The coefficient describes the initial deterioration rate of the equipment, as shown in Figure 9. The PM time is not sensitive to the change of the coefficient; this is due to the fact that the change of the coefficient in a certain extent basically makes no difference to the SARR.

#### 6. Conclusion

In this paper, we propose a PM method for single deteriorating equipment having multiple yield quality problems. It is assumed that the yield stage is coupled with the equipment quality state, and a stochastic breakdown can also occur besides the quality failure. Moreover, the equipment cannot return to normal operating condition without repair. We assume that there are two decision actions including MM and MR in each observation state. The preventive maintenance is MM, which can be performed in a deteriorating quality state, while the MR is forced to be implemented in a failure state. A discrete-state continuous-time SMDP model is proposed to present the deterioration process of the equipment. The Q-P method in the RL framework is utilized to solve the SMDP model. Given the product quality inspection data with certain detection errors, the optimal maintenance strategy based on each observed state is produced by taking into account the goal of maximizing the long-run expected SARR. The PM time is capable of being achieved by a simulation method.

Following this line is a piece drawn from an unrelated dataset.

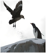 Gentoo penguin and brown skua in a snowy terrain, showcasing wildlife interaction in winter.

Through the simulation examples, it is proved that the proposed method adopted in this paper is capable of solving the PM problems of the equipment under dynamic environment. The experimental results also prove that the proposed method can outperform the standard sequential preventive maintenance method with unequal time interval. The change of maintenance action rules is further shown, which is not progressive with the increase of maintenance times and unqualified rate. It can also be observed that the PM time depends on the observed state, and it decreases as the total number of products produced increases and also decreases monotonically as the number of unqualified products increases for a given total number of products produced. Moreover, an increase in the number of maintenance times will also cause a decrease in the PM time. In addition, the influences of the main parameters on the optimization goal are also investigated.

#### Data Availability

The relevant data of calculation used to support the findings of this study are included within the article.

#### Conflicts of Interest

The authors declare that they have no conflicts of interest regarding the publication of this paper.

#### Acknowledgments

This work was supported by the Natural Science Foundation of Liaoning Province under Grant 20180550746 and the National Science Foundation of China under Grant 61901283.